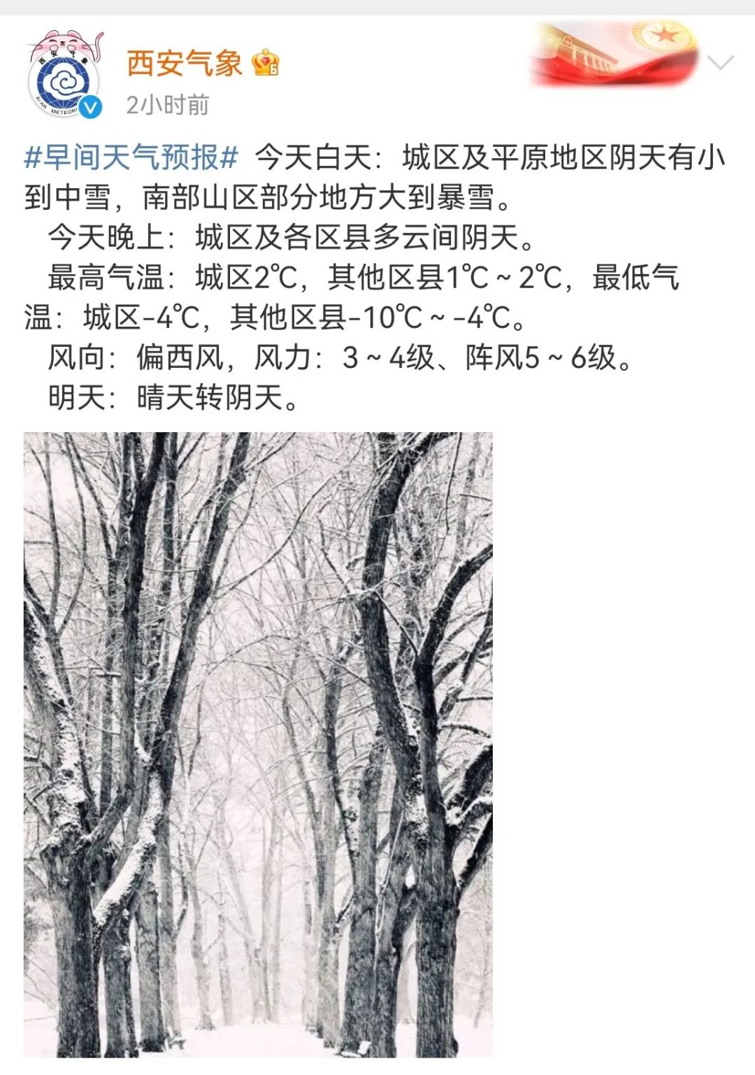 據陜西氣象最新預報,今天白天:榆林、延安北部陰天轉多云,延安南部、關中北部有小雪,局地有中雪。陜南中西部有雨夾雪或小雪。關中南部、陜南東部有小到中雪,寶雞南部局地、西安南部局地、渭南南部局地、商洛北部局地、秦巴山區局地有大到暴雪。陜北西部、關中西部、陜南中西部、秦巴山區日平均氣溫下降 4-6℃。陜北有 4-5 級偏北風。早上關中中西部、陜南西部、秦嶺山區有輕霧。
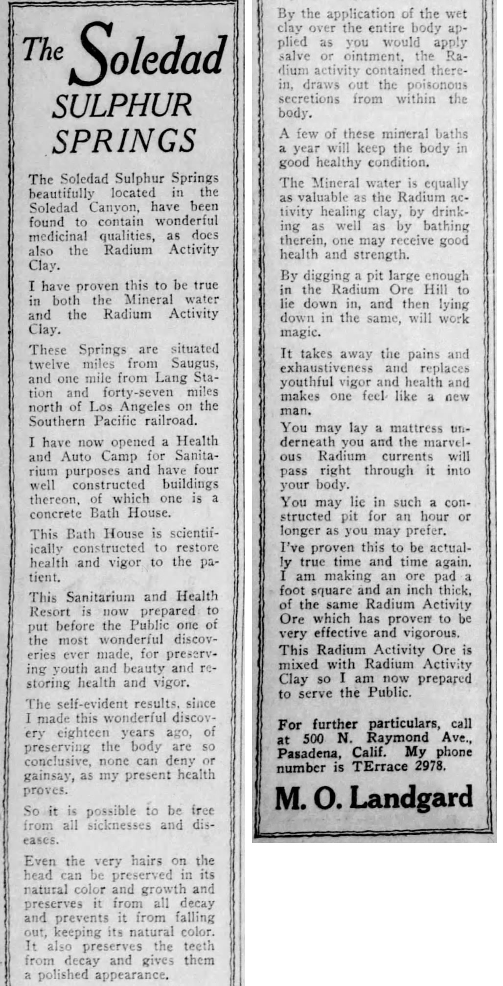 "Southern California is pre-eminently noted for the variety of its medicinal springs, both cold and hot. Besides those of a fluid nature, there are many hot mud-springs that are largely used in cases of acute rheumatism. Every county in Southern California has mineral springs of various kinds and utility. One of the most lovely and excellent groups of springs of a mineral character is the group of ten white sulphur springs at Lang, on the Southern Pacific Railroad, forty-three miles north of Los Angeles.Who could resist this?
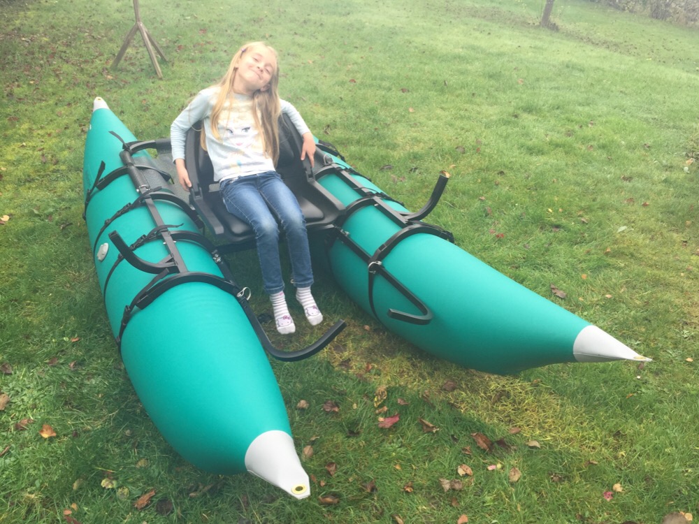 I *really* look forward to using my new pontoon boat, which I've added to the armada. As you can see in the picture, my youngest daughter, Elvira, also seems to like it - at least she had fun on it as I dry tested everything when I got it.
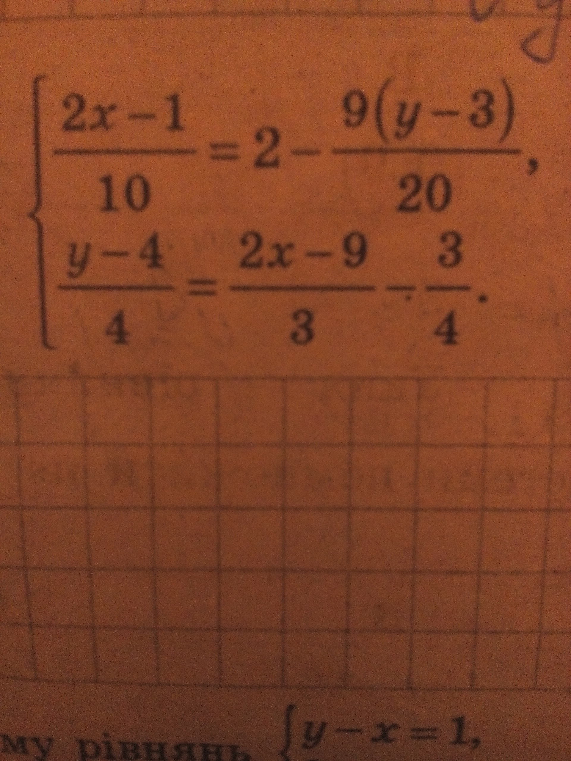 Первое уравнение умножим и правую и левую часть на 20 и сократим знаменатель (20/10=2)
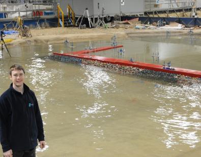 View of waves crashing on modelled breakwater
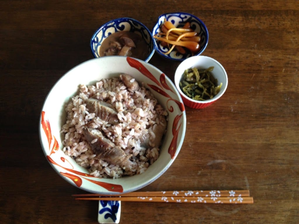 おかずは自作の島ラッキョウのタマリ漬け、もらったワサビ漬け、イカの塩辛っす。
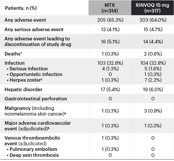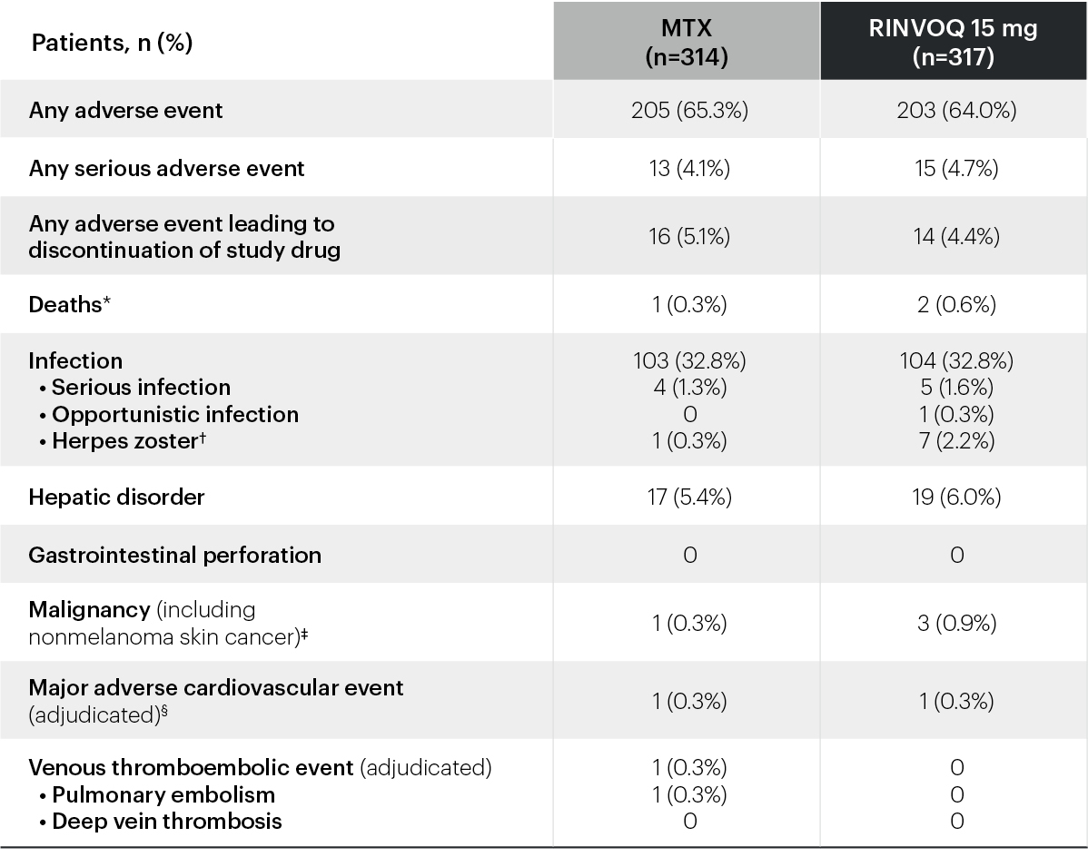 *Deaths: In the methotrexate group, there was 1 sudden CV death. In the RINVOQ 15 mg group, there was 1 CV death, 1 death due to metastatic malignant melanoma.
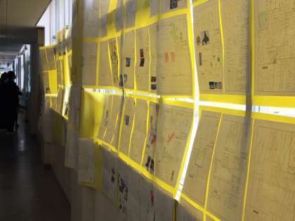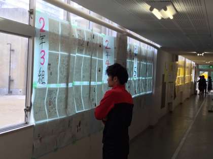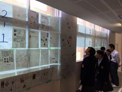 1年生の社会科で取り組んだ「地理新聞」、2年生の社会科で取り組んだ「歴史新聞」を展示しています。
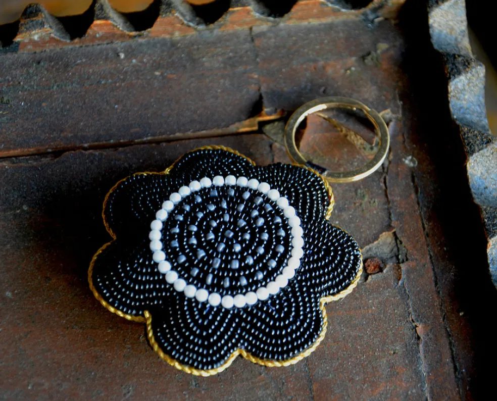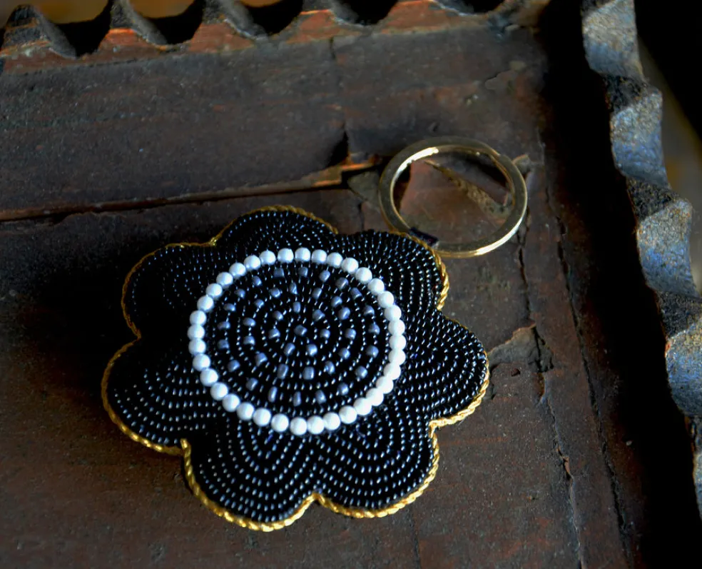 Minimalistisen mustavalkoinen mustaorvokki on pohjoismaisen mustavalkoiseen pukeutuvan luottoystävä. Ripaus kultaa tuo Mustaorvokkiin ylellistä luksusta. Orvokissa lasihelmikirjailun valmistaneen käsityöläisen signeeraus.
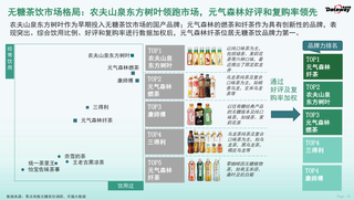 《报告》显示,农夫山泉东方树叶作为最早的入局者之一依旧领跑行业;新锐国货品牌元气森林势头也同样强劲,旗下燃茶、纤茶双双入围无糖茶饮品牌市场份额TOP5,其中,在品牌力表现排名上,纤茶位居行业第一,有望带领无糖植物茶饮这一细分领域走上发展快车道。
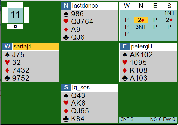Mot 3NT kom spar ut, og da det satt heldig var spar dame en stopper. Ikke bare det, sparfargen satt 4-3, så selv om de fortsatte med spar kunne de ikke få tatt mer enn tre sparstikk totalt, og for kløver ess. Spillefører fikk 1+5+1+2=9 stikk, +400.
────────────────
# YOUR INSTRUCTIONS
Print exactly, and print only, the lines from the line with "1年生の社会科で取り組んだ「" through the last line of the entries, both ends included. No pictures belong in the result.

# ANSWER FOR THE TASK
 1年生の社会科で取り組んだ「地理新聞」、2年生の社会科で取り組んだ「歴史新聞」を展示しています。
 Minimalistisen mustavalkoinen mustaorvokki on pohjoismaisen mustavalkoiseen pukeutuvan luottoystävä. Ripaus kultaa tuo Mustaorvokkiin ylellistä luksusta. Orvokissa lasihelmikirjailun valmistaneen käsityöläisen signeeraus.
 《报告》显示,农夫山泉东方树叶作为最早的入局者之一依旧领跑行业;新锐国货品牌元气森林势头也同样强劲,旗下燃茶、纤茶双双入围无糖茶饮品牌市场份额TOP5,其中,在品牌力表现排名上,纤茶位居行业第一,有望带领无糖植物茶饮这一细分领域走上发展快车道。
Mot 3NT kom spar ut, og da det satt heldig var spar dame en stopper. Ikke bare det, sparfargen satt 4-3, så selv om de fortsatte med spar kunne de ikke få tatt mer enn tre sparstikk totalt, og for kløver ess. Spillefører fikk 1+5+1+2=9 stikk, +400.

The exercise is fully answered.